The Netflix film is another feather in the streaming giant's cap, but Cumberbatch recently told Vanity Fair he wished the film had enjoyed a longer cinema release (it had a finite two-week run before it headed exclusively to Netflix).

Campion concurs.

"I'd have loved it to have been out in the cinema for longer but that wasn't the plan that Netflix had. However, I would have to say that we wouldn't have made the film at all without Netflix. They were the only people that were willing to pay what this film cost to make and they are incredibly supportive."

Dunst, Campion and CumberbatchReuters

She adds that Netflix are now putting the film out in cinemas again "because of the 12 nominations that we got and you know, the general interest in it and people wanting to see it on a big screen".

Campion also points out that streaming brings the film – which is essentially an arthouse one – to a bigger and wider audience, making it more accessible. And she's delighted with the attention it's getting, including the awards buzz.

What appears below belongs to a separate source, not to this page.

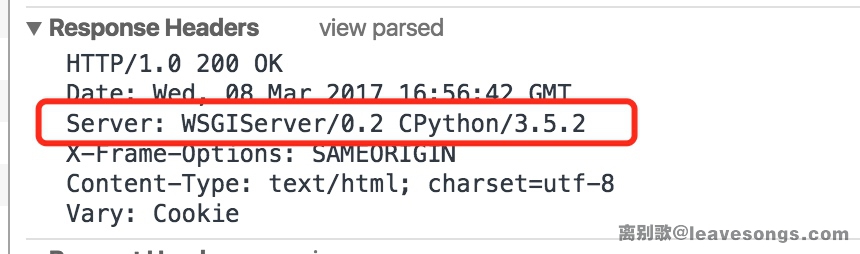 有的Django站点会返回Server头:

"I'm kind of thrilled. I feel like I've had kind of a comeback. I do feel really quite moved. People in the Academy have voted for so many categories."

She also understands it has greater significance for women in the industry as a whole after the shocking revelations about the abuse of women in Hollywood including the Harvey Weinstein scandal.

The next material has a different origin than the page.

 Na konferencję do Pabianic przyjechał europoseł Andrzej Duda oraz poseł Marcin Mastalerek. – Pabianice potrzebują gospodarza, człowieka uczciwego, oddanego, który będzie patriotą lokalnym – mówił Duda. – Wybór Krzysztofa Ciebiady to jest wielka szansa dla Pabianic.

"I really feel that the MeToo movement changed everything. I think it was a very dark time in the late 90s. And up to about 2015. It was almost as if nobody was hearing the fact there was such a depth of inequality.

"And when those brave ladies shared their stories… everybody woke up and went: 'It's really been impossible, and it's incredibly unequal, and we're not going to have it.'

"It's just not OK to have so little representation of women in film and TV. I think women are doing so well. It's no longer charitable to be employing women. And that's the big change. We want to be recognised because we are really good!"

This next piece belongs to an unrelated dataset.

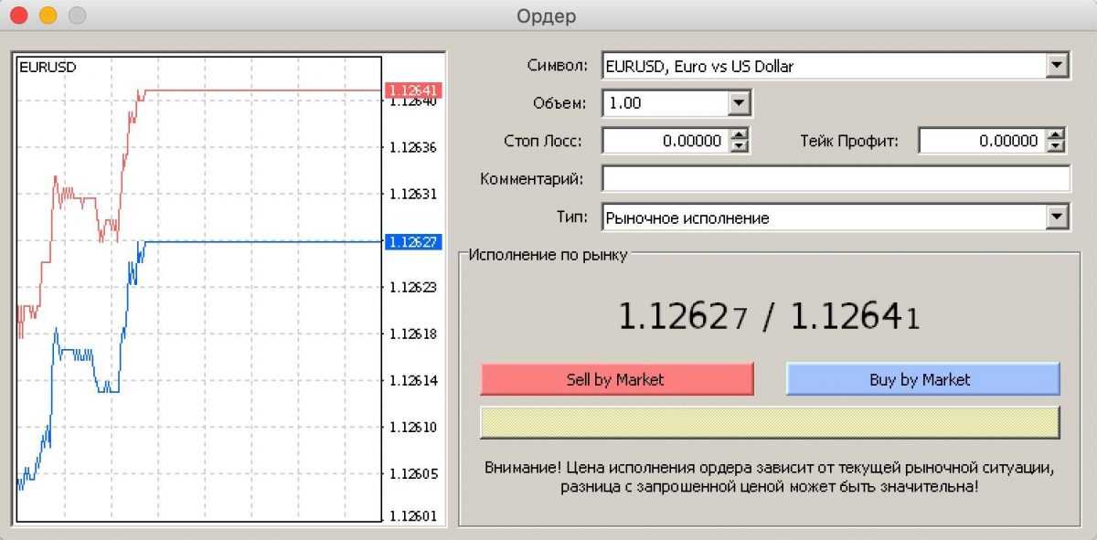 После чего перед нами открывается окно с данными по создаваемому ордеру. После выбора в поле ”Символ” тикера требуемого инструмента станут видны текущие цены его продажи или покупки. В нашем случае по паре EUR/USD можно купить евро за доллары по курсу 1.12641 или же продать за 1.12627. Цена покупки называется «Ask», цена продажи — «Bid», а разница между ними — «Spread».

Jane CampionKIRSTY GRIFFIN/NETFLIX

Wegner is also blazing a trail on the awards circuit. As well as the Oscar nomination, she is the first woman ever to receive a Bafta nod for best cinematography.

"I think the visibility really matters because everyone's the harshest critic of their own work, but it is something very meaningful to be recognised by your peers," she told Razzall.

The Australian says she was "so naïve" when she first decided to go into her field.

"I had no idea that it was not a job that women usually did. It wasn't really until later in film school that I heard this term female cinematographer. And it slowly dawned on me that there were very few but… it was too late. I'd already decided [my career]."

The most recent annual Celluloid Ceiling report found that women comprised 21% of all directors, writers, producers, executive producers, editors and cinematographers working on the top 100 grossing films in 2020, up from 20% in 2019. Women also make up 50% of movie-goers.

Campion says: "We just have to keep going this way. It can never go back to what it was. It was a really dark time when people didn't want to see what women thought or made films about but now there's a real appetite amongst audiences, men and women.

"Netflix are actively seeking to keep their ratio of material made by women up. It's acts like that that make a real difference.

"And hiring Ari for an ambitious film like this one. Is that a risk? Well, I don't think it was a risk. She's really talented. All she needed was people that believe in her and to give her that opportunity, supporting her to make sure she does succeed. And she did succeed. Brilliantly."